Give back an exact copy of the listing that follows, without the pictures.

** Opening Data provided block **

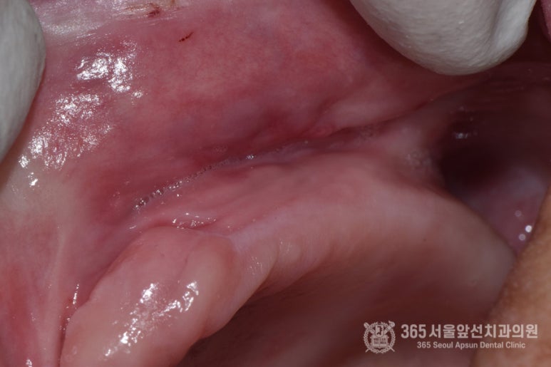 안녕하세요 주안역 인근에 위치한 365서울 앞선치과입니다. 오늘 소개할 환자분의 케이스는 잘 맞지 않는 틀니를 오랜기간 착용하시다보니 의치성 섬유성 증식(epulis fissuratum)이라는 병소가 증식되어 그로 인해 틀니가 통증을 유발하여 틀니를 제대로 쓸 수 없을 지경에 이른 환자분이셨습니다.
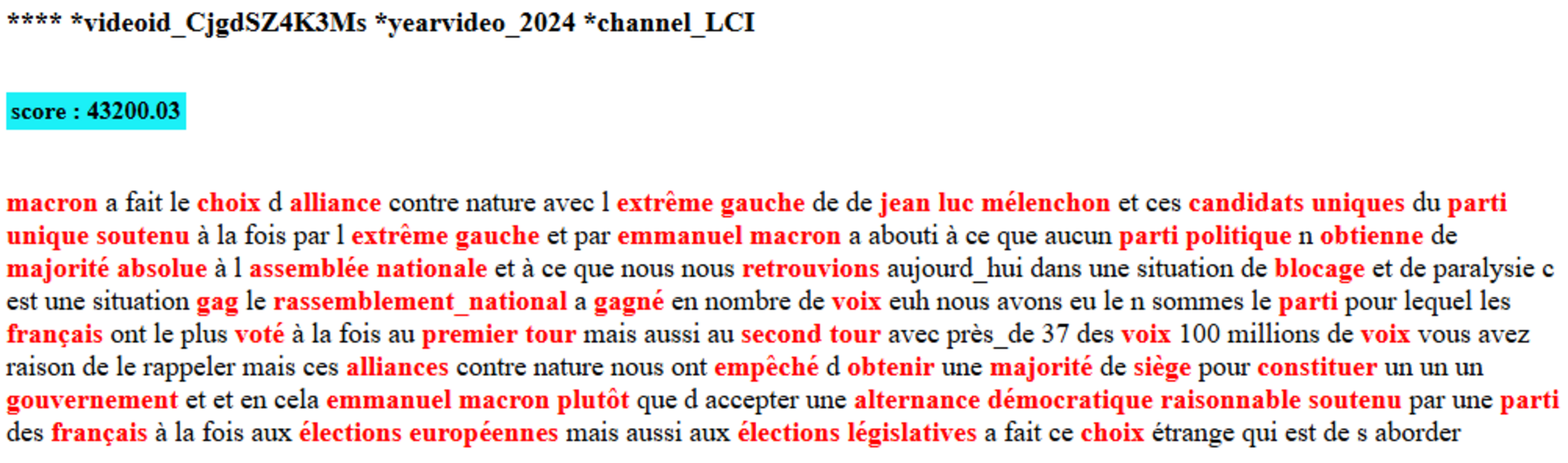 Pour dépasser cette limite, il est nécessaire de replacer les mots dans leur contexte d’usage. J’ai donc découpé les vidéos en segments d’une minute, ce qui permet de regrouper les mots en blocs relativement homogènes d’environ 200 mots. L’ensemble du corpus est ainsi constitué de 80.248 segments.
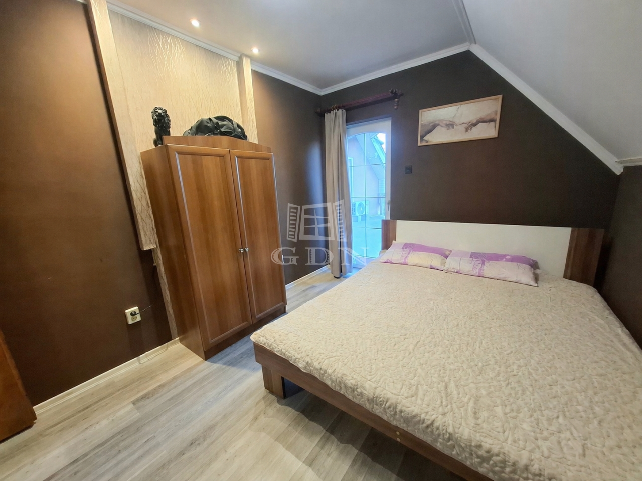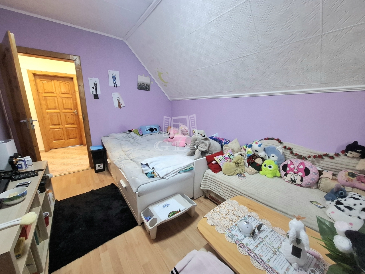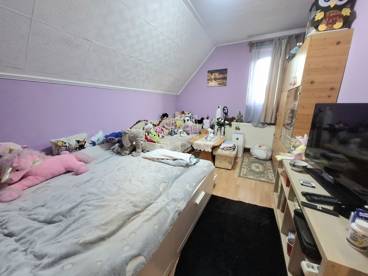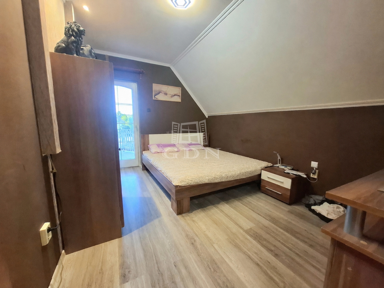 tetőtérben: három külön bejáratú hálószoba ebből kettő erkélyes, fürdőszoba sarokkáddal, gardrób, közlekedő dolgozó sarokkal.
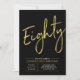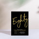 Celebra tu día especial con esta sencilla y elegante invitación de cumpleaños número 80. Este diseño presenta un "Ochenta" con letra de pincel en una distribución limpia en combinación de colores negro y dorado. Más diseños y suministros para fiestas están disponibles en mi tienda BaraBomDesign.

** Closing Data provided block **

Task answer:
 안녕하세요 주안역 인근에 위치한 365서울 앞선치과입니다. 오늘 소개할 환자분의 케이스는 잘 맞지 않는 틀니를 오랜기간 착용하시다보니 의치성 섬유성 증식(epulis fissuratum)이라는 병소가 증식되어 그로 인해 틀니가 통증을 유발하여 틀니를 제대로 쓸 수 없을 지경에 이른 환자분이셨습니다.
 Pour dépasser cette limite, il est nécessaire de replacer les mots dans leur contexte d’usage. J’ai donc découpé les vidéos en segments d’une minute, ce qui permet de regrouper les mots en blocs relativement homogènes d’environ 200 mots. L’ensemble du corpus est ainsi constitué de 80.248 segments.
 tetőtérben: három külön bejáratú hálószoba ebből kettő erkélyes, fürdőszoba sarokkáddal, gardrób, közlekedő dolgozó sarokkal.
 Celebra tu día especial con esta sencilla y elegante invitación de cumpleaños número 80. Este diseño presenta un "Ochenta" con letra de pincel en una distribución limpia en combinación de colores negro y dorado. Más diseños y suministros para fiestas están disponibles en mi tienda BaraBomDesign.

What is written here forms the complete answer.